Just as he was about to speak—maybe ask her name—she ripped herself out of his arms and turned and ran into the forest.

“Hey!” Grady lunged after her, and fell on his front. A fallen branch bruised his chest, making him wince. He tried to rise, and found his feet were stuck. Twisting around, he discovered blackberry vines wrapped around his shoes. “Goddammit. How the…hey!” He twisted forward again. “Come back! Please! Who are you?”

He heard her fast footsteps, but only for a few seconds, then they went quiet. By the time he had disentangled his feet from the vines and stood up to look around, she was nowhere in sight.

He called and searched a long while, roving around the forest until the light faded too much to continue. His mystery woman was gone.

It was later than he thought, he realized upon checking his phone. How could it already be nearly dinnertime?

Disheartened, enraptured, and strangely lightheaded, Grady emerged from the trees and walked back through town to the island bridge, his ankles and hands marked up with thorn scratches.





CHAPTER EIGHT


SKYE TORE THROUGH THE FOREST, BREATHING HARD, STUMBLING AND CATCHING HERSELF OVER AND OVER AS SHE leaped rotting logs and whipped through thickets of young cedars.

What had she done? She didn’t know that guy from Adam, and she’d grabbed him and started kissing him like a strung-out maniac. Even at parties during college she had at least exchanged names.

It had been a wonderful kiss, and a corner of her mind still glowed with thrilled triumph over having done it. But it was a seriously insane thing to have done, and her mind raced in terror as fast as her feet bounded across the forest floor. Because, oh God, what were the goblins going to do to her—or to him—if this did work, and he had now been tapped as her chosen mate?

The afternoon light was fading. She stopped, panting, and turned around. She fumbled her phone out and checked the time, and gasped. It was later than it should’ve been; somehow she had lost an entire hour. Part of the enchantment? Could they have stood in that kiss for an hour?

Whatever the explanation, twilight had arrived. Which of course meant…

“Sky-eye…” The rasping voice from above turned her name into two singsong syllables.

“No,” she whispered.

“What have you done, sweet sister?” Redring’s voice said, closer. Others chuckled in the background, sinister and low.

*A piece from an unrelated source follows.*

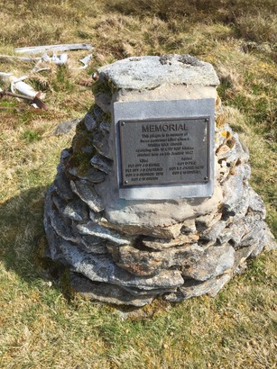 MEMORIAL/This plaque is in memory of/those personnel killed when/Whitley Mk V Aircraft/operating with 19 OTU RAF Kinloss/crashed here on 6th January 1942/[4 names]

Though ninety-five percent of everything in her longed to approach the voice, reach her arms up to the trees, accept the invitation, accept even the fruit, she squeezed her eyes shut and clung to the five percent. That still belonged to herself, to the human world, maybe even partly to the stranger whose warm body she could still feel upon her own.

“No,” she said.

“Come in and talk to us.”

“No!” She opened her eyes, pivoted, and took off running again, down the slope, back toward town.

“What…have…you…done?” The voice reverberated behind her, furious now.

Skye faltered, turned around like a child seeking her mother, then caught herself and spun toward home again.

“You will weaken. You will be back,” Redring called. “And he will follow you, and be ours too.”

She broke free of the forest, raced over the railroad berm, and sprinted across the grass. She was almost sobbing when she reached her gate, its peeling white boards standing out in the twilight.

“Skye!” It was Livy this time, sounding scared and relieved. Her sister jogged down the concrete steps from the house. The screen door banged shut behind her. “Where were you?”

Skye shot into the garden, shut the gate behind her, and wilted back against it, nearly fainting from exertion. “Walk,” she managed.

“You were taking a walk?” Livy planted her hands on her hips. She was breathing fast too, like she was just coming down off a panic. “Are you okay?”

Skye nodded.

“You need to leave a note, or text me or something. Can you at least do that? I was worried.”

Skye bowed her head, eyes closed. Her heart still galloped, blood circulating dizzily through her.

“Look, I’m sorry.” Livy’s hand settled on Skye’s arm. “It’s fine if you want to go for walks. I just get worried if you don’t let me know, all right?”